ACTIN-DEPENDENT ASSOCIATION OF PEROXISOMES WITH THE DEVELOPING CELL PLATE DURING CYTOKINESIS IN ONION ROOT TIP CELLS

Authors: COLLINGS, DAVID - AUSTRALIAN NAT'L UNIV; HARPER, JOHN - CHARLES STUART UNIV -AUS; Vaughn, Kevin

Submitted to: Plant Journal
Publication Type: Peer Reviewed Journal
Publication Acceptance Date: 6/23/2003
Publication Date: 8/21/2003
Citation: Collings, D.A., Harper, J.D., Vaughn, K.C. 2003. Actin-dependent association of peroxisomes with the developing cell plate during cytokinesis in onion root tip cells. Planta Journal. 218:204-216.

Interpretive Summary: When plant cells divide, they form a structure called the cell plate that serves to separate the daughter nuclei and cytoplasm. Previous investigations have noted that a number of herbicides affect the cell plate formation but the exact mechanism for this disruption is not known. This paper documents the presence of two organelles in the cell plate, peroxisomes and actin microfilaments. Each of these organelles appears to be critical in producing a cell plate and are structures which may be affected by herbicides, so that cell plate formation is disrupted. These findings are important because they explain previous results of herbicide action as being due to effects on the peroxisomes. This is a novel site of action.

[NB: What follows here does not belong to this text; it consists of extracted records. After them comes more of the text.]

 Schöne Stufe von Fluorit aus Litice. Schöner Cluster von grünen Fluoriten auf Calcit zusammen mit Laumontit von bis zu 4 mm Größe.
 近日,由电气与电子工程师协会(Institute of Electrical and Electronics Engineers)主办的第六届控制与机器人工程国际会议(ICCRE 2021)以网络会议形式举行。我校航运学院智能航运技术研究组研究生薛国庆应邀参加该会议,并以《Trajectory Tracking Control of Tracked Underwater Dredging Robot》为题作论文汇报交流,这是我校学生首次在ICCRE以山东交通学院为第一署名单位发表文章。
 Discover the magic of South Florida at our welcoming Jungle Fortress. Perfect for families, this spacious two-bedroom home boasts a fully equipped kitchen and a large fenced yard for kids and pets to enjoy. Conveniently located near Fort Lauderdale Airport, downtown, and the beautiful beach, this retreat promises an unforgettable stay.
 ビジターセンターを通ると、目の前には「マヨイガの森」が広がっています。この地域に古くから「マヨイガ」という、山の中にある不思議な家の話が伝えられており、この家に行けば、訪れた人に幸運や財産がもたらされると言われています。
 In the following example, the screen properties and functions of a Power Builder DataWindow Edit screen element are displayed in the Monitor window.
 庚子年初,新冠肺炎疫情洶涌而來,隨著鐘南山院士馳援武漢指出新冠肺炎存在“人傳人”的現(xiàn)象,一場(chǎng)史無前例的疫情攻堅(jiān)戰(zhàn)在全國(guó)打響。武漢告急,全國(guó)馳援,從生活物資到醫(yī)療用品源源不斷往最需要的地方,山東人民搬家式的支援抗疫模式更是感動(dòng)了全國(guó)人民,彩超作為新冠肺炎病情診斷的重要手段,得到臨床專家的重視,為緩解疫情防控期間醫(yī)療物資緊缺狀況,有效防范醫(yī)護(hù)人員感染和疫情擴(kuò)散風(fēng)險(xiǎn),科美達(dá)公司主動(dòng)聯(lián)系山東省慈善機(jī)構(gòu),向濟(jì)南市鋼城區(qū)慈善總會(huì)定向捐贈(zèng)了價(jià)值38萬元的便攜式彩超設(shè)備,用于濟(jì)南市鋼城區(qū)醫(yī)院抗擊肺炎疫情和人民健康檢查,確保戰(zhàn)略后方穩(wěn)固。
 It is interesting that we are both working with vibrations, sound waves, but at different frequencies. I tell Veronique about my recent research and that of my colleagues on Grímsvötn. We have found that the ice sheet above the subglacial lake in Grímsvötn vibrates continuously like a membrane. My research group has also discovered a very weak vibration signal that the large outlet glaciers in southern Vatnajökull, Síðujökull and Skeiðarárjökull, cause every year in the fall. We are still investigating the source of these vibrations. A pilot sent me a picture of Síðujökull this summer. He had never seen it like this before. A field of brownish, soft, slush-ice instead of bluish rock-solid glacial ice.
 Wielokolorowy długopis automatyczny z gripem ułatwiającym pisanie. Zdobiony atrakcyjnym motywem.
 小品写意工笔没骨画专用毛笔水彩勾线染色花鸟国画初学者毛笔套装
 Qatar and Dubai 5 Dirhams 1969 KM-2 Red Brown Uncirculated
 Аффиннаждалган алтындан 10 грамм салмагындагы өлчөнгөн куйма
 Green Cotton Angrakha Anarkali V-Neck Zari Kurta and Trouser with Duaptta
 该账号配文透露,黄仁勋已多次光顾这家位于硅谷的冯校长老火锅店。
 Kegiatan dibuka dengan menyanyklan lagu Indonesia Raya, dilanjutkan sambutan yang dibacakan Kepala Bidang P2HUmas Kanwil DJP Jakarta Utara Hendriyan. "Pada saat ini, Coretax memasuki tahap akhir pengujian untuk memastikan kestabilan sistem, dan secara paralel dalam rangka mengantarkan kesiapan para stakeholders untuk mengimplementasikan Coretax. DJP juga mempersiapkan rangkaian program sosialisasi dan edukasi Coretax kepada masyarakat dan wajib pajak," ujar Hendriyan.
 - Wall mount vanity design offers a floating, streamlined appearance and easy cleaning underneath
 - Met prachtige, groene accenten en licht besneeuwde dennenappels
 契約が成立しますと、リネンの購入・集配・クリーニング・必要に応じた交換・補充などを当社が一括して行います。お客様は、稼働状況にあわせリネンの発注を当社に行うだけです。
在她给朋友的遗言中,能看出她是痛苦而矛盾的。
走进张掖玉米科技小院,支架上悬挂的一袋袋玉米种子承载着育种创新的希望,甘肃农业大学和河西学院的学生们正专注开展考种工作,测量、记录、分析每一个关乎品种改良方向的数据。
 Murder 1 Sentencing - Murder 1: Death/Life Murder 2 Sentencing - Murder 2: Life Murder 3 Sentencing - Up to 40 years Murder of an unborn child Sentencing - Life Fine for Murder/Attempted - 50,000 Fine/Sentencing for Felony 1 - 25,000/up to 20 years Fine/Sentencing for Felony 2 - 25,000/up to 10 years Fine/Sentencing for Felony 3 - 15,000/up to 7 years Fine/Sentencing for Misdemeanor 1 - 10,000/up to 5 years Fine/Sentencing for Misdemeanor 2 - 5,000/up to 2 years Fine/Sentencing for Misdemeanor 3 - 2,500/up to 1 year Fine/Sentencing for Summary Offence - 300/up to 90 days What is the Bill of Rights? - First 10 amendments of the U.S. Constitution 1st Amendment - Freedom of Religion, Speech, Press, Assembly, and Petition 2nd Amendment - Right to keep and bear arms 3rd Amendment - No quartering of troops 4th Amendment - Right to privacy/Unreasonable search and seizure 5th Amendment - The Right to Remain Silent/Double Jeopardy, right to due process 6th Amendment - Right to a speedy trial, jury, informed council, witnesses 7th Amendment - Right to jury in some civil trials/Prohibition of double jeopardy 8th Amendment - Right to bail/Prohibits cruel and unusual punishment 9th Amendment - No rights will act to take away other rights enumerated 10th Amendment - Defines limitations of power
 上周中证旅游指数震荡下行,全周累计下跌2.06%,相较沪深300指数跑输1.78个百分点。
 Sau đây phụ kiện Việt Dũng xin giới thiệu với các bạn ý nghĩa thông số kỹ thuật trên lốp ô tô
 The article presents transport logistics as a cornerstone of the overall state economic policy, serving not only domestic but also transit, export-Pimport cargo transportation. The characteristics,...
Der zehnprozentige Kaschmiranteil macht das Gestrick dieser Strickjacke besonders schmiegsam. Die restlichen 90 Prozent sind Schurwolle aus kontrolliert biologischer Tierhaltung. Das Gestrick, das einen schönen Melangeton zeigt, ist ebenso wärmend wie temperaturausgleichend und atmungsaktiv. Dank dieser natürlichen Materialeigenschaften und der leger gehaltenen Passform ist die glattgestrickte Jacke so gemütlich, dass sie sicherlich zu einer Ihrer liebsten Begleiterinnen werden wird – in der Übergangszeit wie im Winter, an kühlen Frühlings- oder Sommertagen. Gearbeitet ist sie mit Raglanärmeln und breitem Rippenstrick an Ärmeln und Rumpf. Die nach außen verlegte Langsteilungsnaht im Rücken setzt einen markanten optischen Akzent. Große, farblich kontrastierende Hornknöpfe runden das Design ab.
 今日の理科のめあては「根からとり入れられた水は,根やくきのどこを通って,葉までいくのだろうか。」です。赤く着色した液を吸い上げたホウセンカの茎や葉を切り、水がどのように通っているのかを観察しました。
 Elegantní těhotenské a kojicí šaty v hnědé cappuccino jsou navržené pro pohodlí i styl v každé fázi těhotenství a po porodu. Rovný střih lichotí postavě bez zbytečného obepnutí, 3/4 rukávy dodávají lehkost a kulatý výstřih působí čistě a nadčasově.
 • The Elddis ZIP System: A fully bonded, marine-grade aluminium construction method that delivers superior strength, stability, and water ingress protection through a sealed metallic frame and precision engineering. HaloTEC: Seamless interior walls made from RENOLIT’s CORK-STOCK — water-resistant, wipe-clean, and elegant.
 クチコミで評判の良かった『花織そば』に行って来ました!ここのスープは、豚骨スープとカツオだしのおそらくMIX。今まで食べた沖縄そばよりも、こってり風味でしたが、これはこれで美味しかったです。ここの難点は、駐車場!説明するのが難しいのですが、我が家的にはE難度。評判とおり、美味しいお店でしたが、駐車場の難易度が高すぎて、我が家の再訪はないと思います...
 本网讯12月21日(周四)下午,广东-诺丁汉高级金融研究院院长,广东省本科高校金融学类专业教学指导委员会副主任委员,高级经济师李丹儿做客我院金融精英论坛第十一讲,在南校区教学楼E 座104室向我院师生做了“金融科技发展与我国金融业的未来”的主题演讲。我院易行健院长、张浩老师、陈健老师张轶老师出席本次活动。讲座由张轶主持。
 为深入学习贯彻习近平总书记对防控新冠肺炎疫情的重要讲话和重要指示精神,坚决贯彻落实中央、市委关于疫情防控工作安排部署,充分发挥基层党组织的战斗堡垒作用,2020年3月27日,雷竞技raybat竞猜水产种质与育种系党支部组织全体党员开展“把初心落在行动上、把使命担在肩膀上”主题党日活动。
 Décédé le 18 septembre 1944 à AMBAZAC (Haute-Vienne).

Technical Abstract: We have investigated changes in the distribution of peroxisomes in onion root tip cells through the cell cycle using confocal and electron microscopy. During interphase and mitosis, peroxisomes distribute randomly throughout the cytoplasm, but beginning late in anaphase, all peroxisomes accumulate at the division plane. Initially, peroxisomes occur within the microtubule phragmoplast in two zones on either side of the developing cell plate. However, as the phragmoplast matures and expands outwards to form an annulus, peroxisomes redistribute into a ring immediately inside the location of the microtubules. This aggregation of peroxisomes adjacent to the cell plate and phragmoplast is an actin-dependent process. Peroxisomes first accumulate in the division plane prior to the formation of the microtubule phragmoplast, and throughout cytokinesis, always codistribute with actin. Electron micrographs, which show some peroxisomes in close association with vesicles near the cell plate, also confirm a direct interaction between the peroxisomes and actin. Furthermore, application of cytochalasin, latrunculin and the myosin-antagonist BDM inhibit aggregation. The phenomenon of peroxisome aggregation adjacent to the cell plate is most pronounced in onion and a range of other monocots, and occurs in some dicots including tobacco BY-2 cells but not in the roots of Arabidopsis. We propose that peroxisomes function in the formation of the cell plate, either by regulating hydrogen peroxide formation within the developing cell plate, or by their involvement in recycling of excess membranes from secretory vesicles via the *-oxidation pathway.